Take a walk under the structure and a withered
old woman perched on the temple plinth stares at strangers with suspicion.
Behind the expression is an apprehension-- "Have they come to destroy
my beautiful dwelling?" A young mother cajoling her new-born nearby
is hardly aware that the stone wall she leans on, is over 100 years old.
Neither is she aware that the arched doorway that leads to her home is
the historic Ganesh Dwar the only entrance to Ahmedabad-- going by word-of-mouth
testimonies.
Time had frozen for these settlers on the
fringes of history till massive machines rolled into the riverbed land
work began on the bridge expansion two years back.
The project promises the swelling ahmedabad
traffic a bump-free cross-over to be constructed on both sides of the
architectural wonder which was officially re-christened the Swami Vivekananda
Bridge, the expansion plan will cost the city more than just the Rs. 12
crore.
It will cost Ahmedabad the circular Manekbaug
structure which now houses the Victoria Garden police chowky, the ancient
retaining wall below the bridge on the eastern end, including the plaque
dating back to 1889, now concealed under a coat of blue oil paint.
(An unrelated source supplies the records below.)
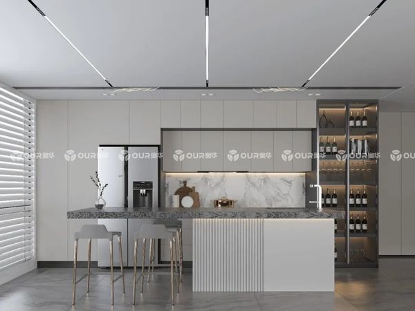 对于餐厅面积12㎡及以上的大宅,可选择岛台+餐桌,独立式餐厅拥有更宽敞,更气派的用餐与空间体验。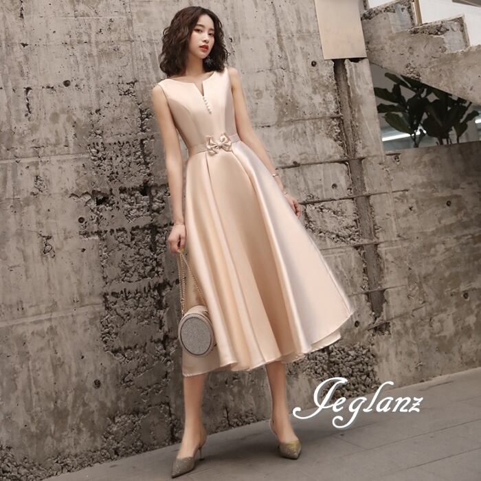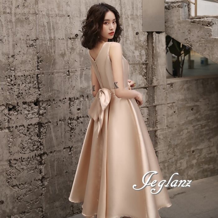 パーティ ドレス ワンピース ノースリーブ ダブルリボン Aライン (MC002)ζ☆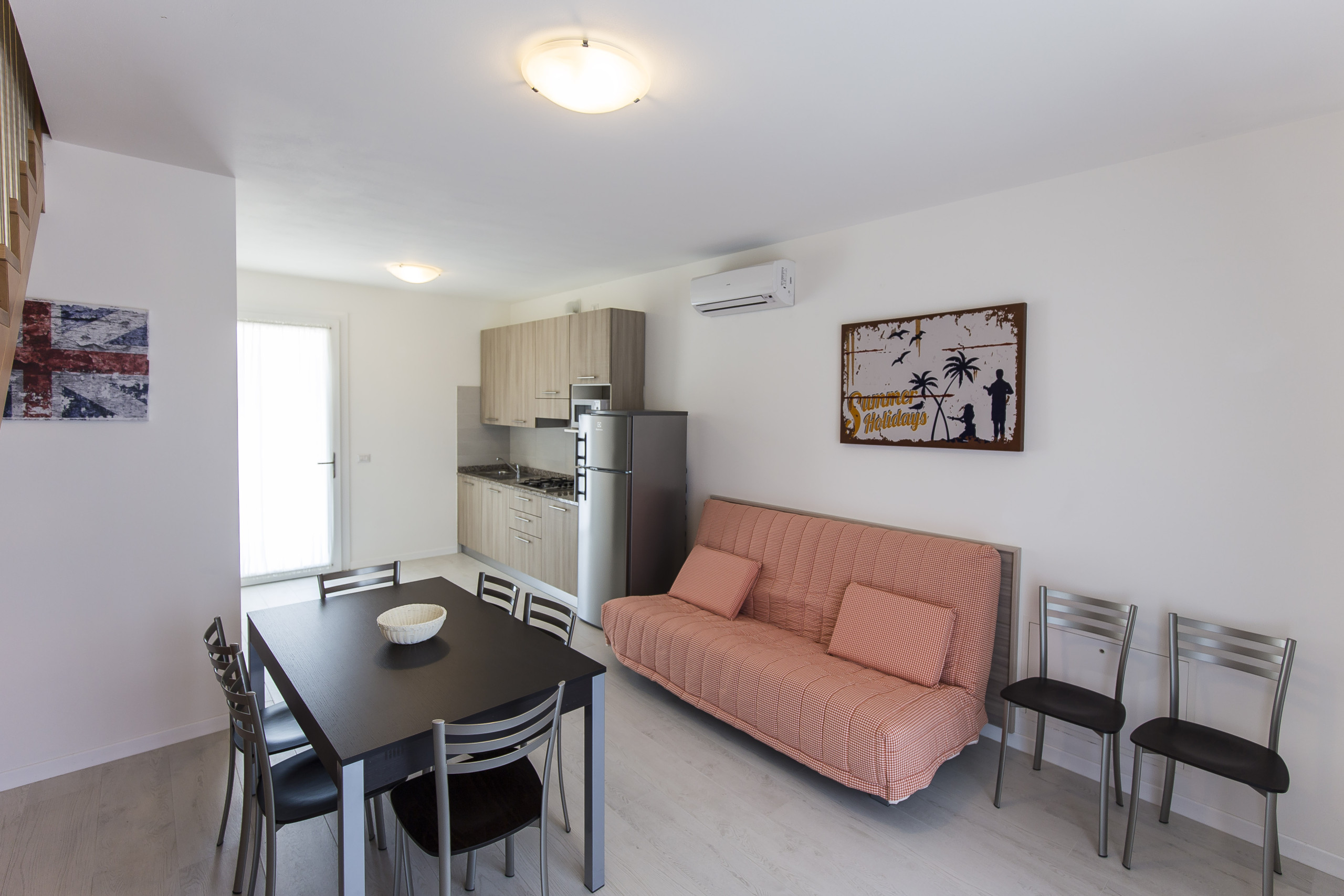 • soggiorno luminoso con angolo cottura attrezzato, tavolo da pranzo, divano letto matrimoniale alla francese e accesso a terrazzo o balcone;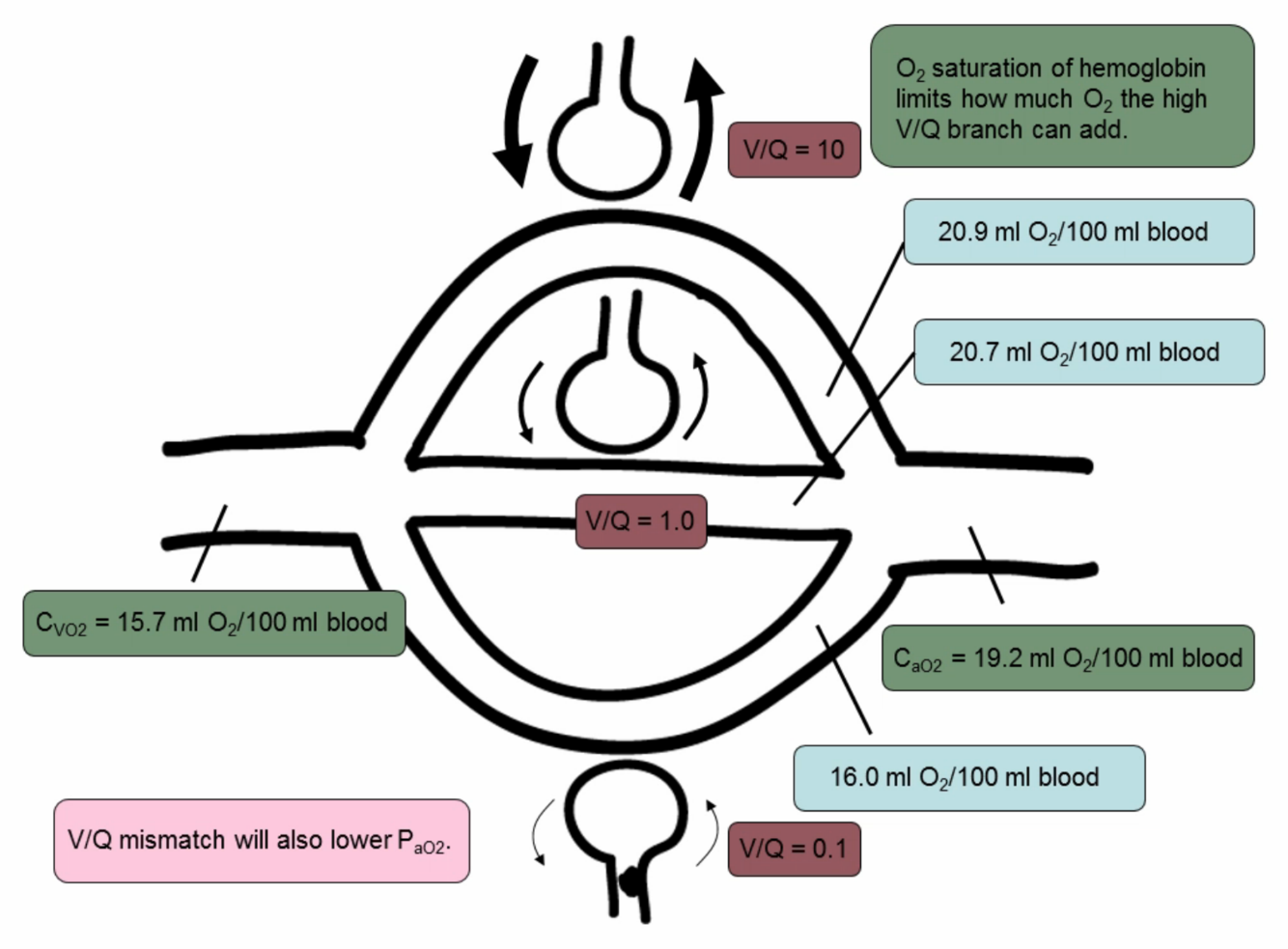 Look at the attached diagram, you can see that while the V/Q ratio of the top unit is 10 times that of a normal V/Q ratio, the oxygen content resulting from that is not substantially higher.
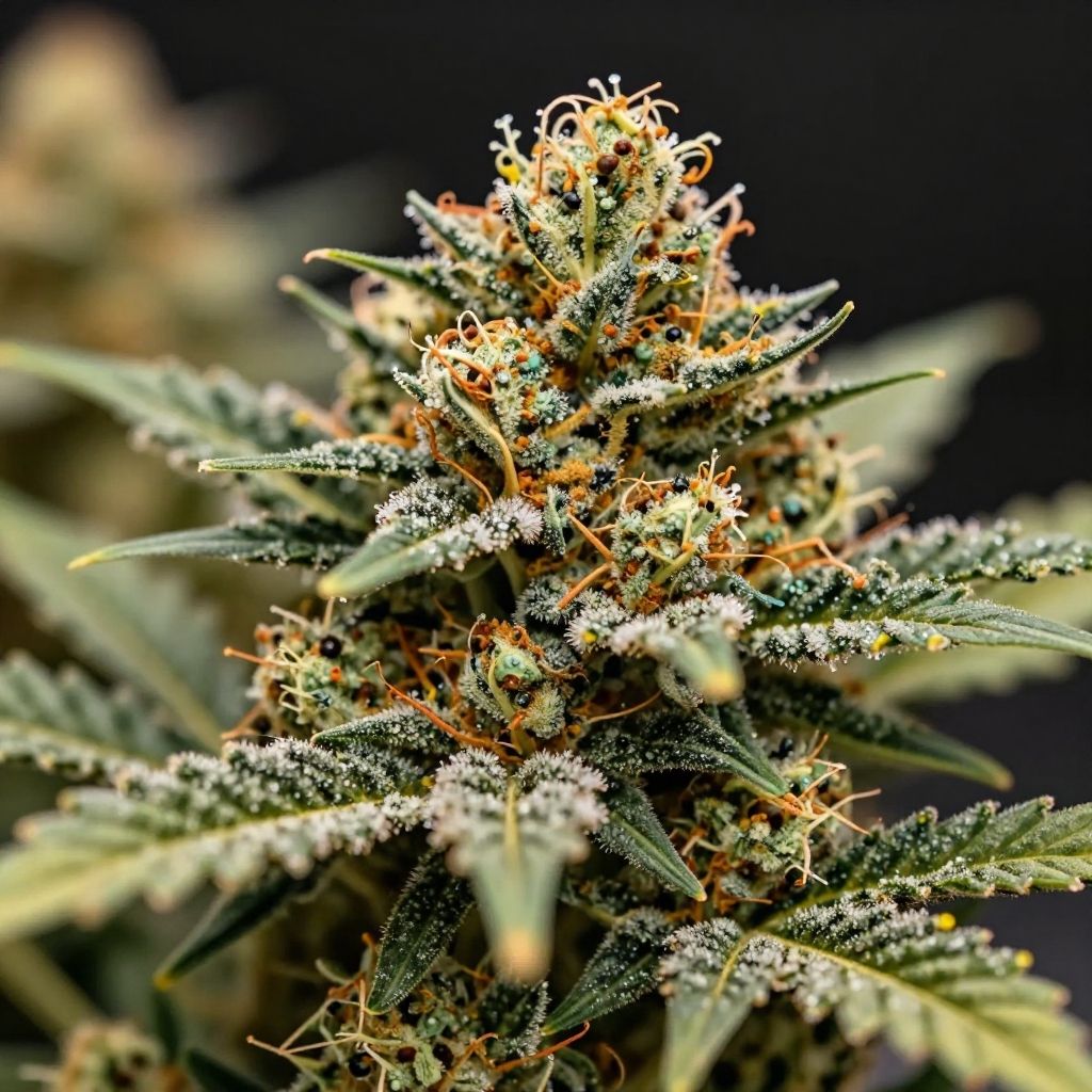 Close-up photograph of a cannabis plant's dense, clustered bud. The bud features green, serrated leaves covered in a fine, white, frosty trichome layer, giving it a textured, almost sparkly appearance. Tiny, orange-brown pistils protrude from the trichomes, adding contrast. The background is blurred and dark, emphasizing the detailed foreground. The lighting highlights the plant's intricate textures and colors, capturing the complexity and vibrancy of the cannabis plant.

While the guilt roam scot-free, neither the
AMC nor archeological experts have bothered to preserve this document
from the colonial era adjacent to the chowky. Now officials state that
efforts are on to shift the stone plaque too. It is perhaps the only written
word stating that the bridge was named in 1869 by Sir Barrow Herbert Ellis
a former 'commissioner'.
Also gone will be the Ganesh Dwar bang under
the bridge, which is learnt to have been so named by Ahmedabad's ruler
Sultan Ahmed Shah to mark the entrance to the walled city. The idea nearly
devastated a few of the city's self-made archaeologists and historians
who got together with the authorities to find alternatives to save this
heritage. Thus, says project manager of UP State Bridge Corporation, M
K Prasad, and "We have decided to shift the gateway to the new entrance
of the tunnel which will be retained."
The retention apart, the passage which connects
the riverbed to the bridge through a crumbling climb, will then be a continuous
passage connected by a concrete box-like structure to be inserted under
the bridge. But nearly two-thirds of the massive circular Manekburg structure
of 1894 will go. No remorse about that for the inhabitants since an alternate
site is already coming up near Lal Darwaja.
The policemen in the chowky which was earlier
a 'chungi-naka' (octroi checkpost) are not amused. They are used to people
visiting the place to take pictures of the river of enjoy the breeze under
the neem tree which is another wonder having sprung right out of the concrete!